#### REQUIREMENT
Give back the whole listing exactly as written, leaving out each picture.

──────────

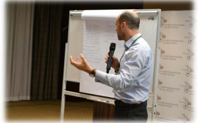
Çalıştay Grupları Fikir Üretim Çalışmaları ve Sunumlar
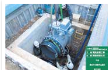
東高根地区 電動弁設置工事
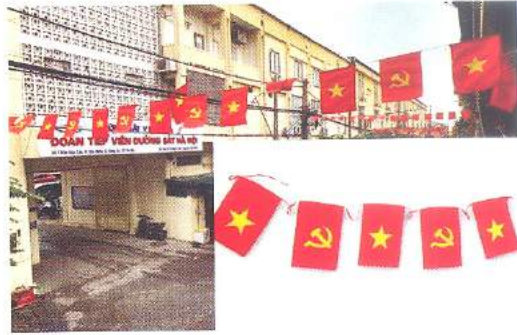
Hình 16b (cờ dây)
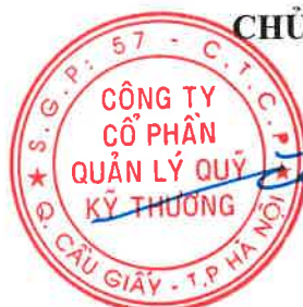
TỔNG GIÁM ĐỐC CÔNG TY CỔ PHẦN QUẢN LÝ QUỸ KỸ THƯƠNG
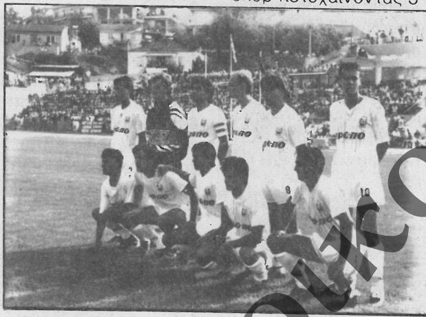
Η ομάδα της Νάουσας του Κυπέλλου στο ΚΥΠΕΛΟ

φου ήταν η τελική νικήτρια αφού οι ποδοσφαι-
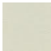
ŠB (šedo bílá) RAL 9002
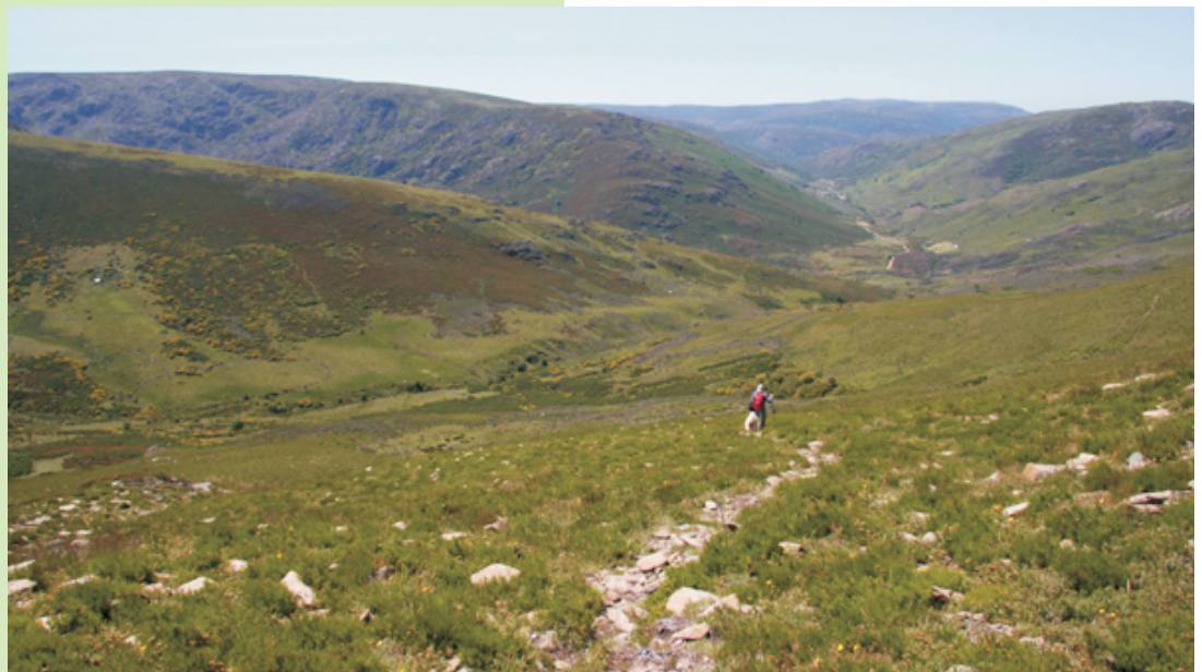
Baixando do Fial cara á lagoa. De fronte o val do Bibei.
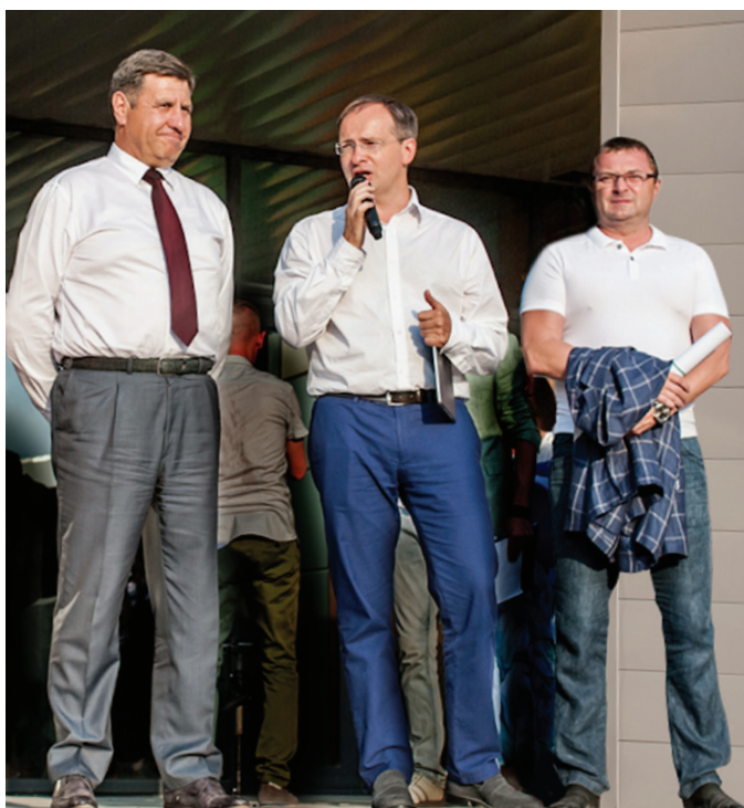
Депутат ГД РФ А. И. Голушко, министр культуры РФ В. Р. Мединский, генеральный директор ООО «Азия Мьюзик Компани» Б. Б. Рожанский на открытии Омского государственного цирка (2016 г.)
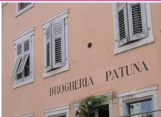
Drogheria Patuna Via Ciotti, 16 Gradisca d'Isonzo (GO)
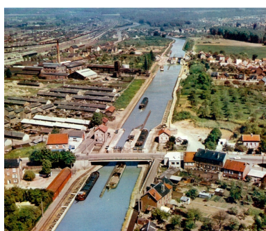
Vue aérienne du canal et de la cité provisoire. Carte postale, vers 1960 (coll. part.).
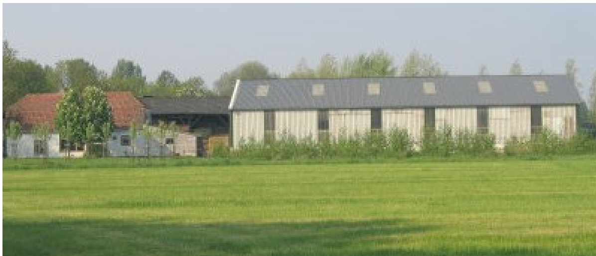
Sloopkosten van vrijgekomen agrarische bebouwing kunnen worden bekostigd uit extra te verkrijgen bouwmogelijkheden

In de paragrafen 3.2 t/m 3.6 wordt uitgebreid ingegaan op de bovengenoemde mogelijkheden. De regeling is bedoeld om waardevolle vrijgekomen agrarische bedrijfsbebouwing te behouden en landschaps-ontsierende bebouwing te saneren om zodoende de ruimtelijke en landschappelijke kwaliteit van het buitengebied te vergroten. Bij de sloop van grote hoeveelheden agrarische bedrijfsbebouwing kunnen de sloopkosten en de restwaarde van de bebouwing worden "terugverdiend" door de bouw van één of meerdere woningen. De sloop van relatief geringe hoeveelheden agrarische bedrijfsbebouwing (< 1000 m 2 ) kan worden "terugverdiend" door de verruimde mogelijkheden die de gemeenten bieden voor de bouw van extra bijgebouwen of uitbreiding van de bestaande woning.
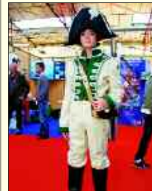
Der kleine Napoleon glänzt mit seiner Uniform, ganz wie damals
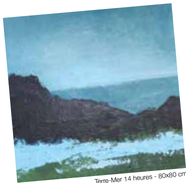
Terre-Mer 14 heures - 80x80 cm

À mesure que les toiles de Sophie Cérésa se succèdent, les paysages et natures mortes défilent sous le regard du spectateur. Une peinture d'une sensibilité saisissante qui arrête le temps et mérite que l'on lui en donne.

──────────

#### RESPONSE
Çalıştay Grupları Fikir Üretim Çalışmaları ve Sunumlar
東高根地区 電動弁設置工事
Hình 16b (cờ dây)
TỔNG GIÁM ĐỐC CÔNG TY CỔ PHẦN QUẢN LÝ QUỸ KỸ THƯƠNG
Η ομάδα της Νάουσας του Κυπέλλου στο ΚΥΠΕΛΟ

φου ήταν η τελική νικήτρια αφού οι ποδοσφαι-
ŠB (šedo bílá) RAL 9002
Baixando do Fial cara á lagoa. De fronte o val do Bibei.
Депутат ГД РФ А. И. Голушко, министр культуры РФ В. Р. Мединский, генеральный директор ООО «Азия Мьюзик Компани» Б. Б. Рожанский на открытии Омского государственного цирка (2016 г.)
Drogheria Patuna Via Ciotti, 16 Gradisca d'Isonzo (GO)
Vue aérienne du canal et de la cité provisoire. Carte postale, vers 1960 (coll. part.).
Sloopkosten van vrijgekomen agrarische bebouwing kunnen worden bekostigd uit extra te verkrijgen bouwmogelijkheden

In de paragrafen 3.2 t/m 3.6 wordt uitgebreid ingegaan op de bovengenoemde mogelijkheden. De regeling is bedoeld om waardevolle vrijgekomen agrarische bedrijfsbebouwing te behouden en landschaps-ontsierende bebouwing te saneren om zodoende de ruimtelijke en landschappelijke kwaliteit van het buitengebied te vergroten. Bij de sloop van grote hoeveelheden agrarische bedrijfsbebouwing kunnen de sloopkosten en de restwaarde van de bebouwing worden "terugverdiend" door de bouw van één of meerdere woningen. De sloop van relatief geringe hoeveelheden agrarische bedrijfsbebouwing (< 1000 m 2 ) kan worden "terugverdiend" door de verruimde mogelijkheden die de gemeenten bieden voor de bouw van extra bijgebouwen of uitbreiding van de bestaande woning.
Der kleine Napoleon glänzt mit seiner Uniform, ganz wie damals
Terre-Mer 14 heures - 80x80 cm

À mesure que les toiles de Sophie Cérésa se succèdent, les paysages et natures mortes défilent sous le regard du spectateur. Une peinture d'une sensibilité saisissante qui arrête le temps et mérite que l'on lui en donne.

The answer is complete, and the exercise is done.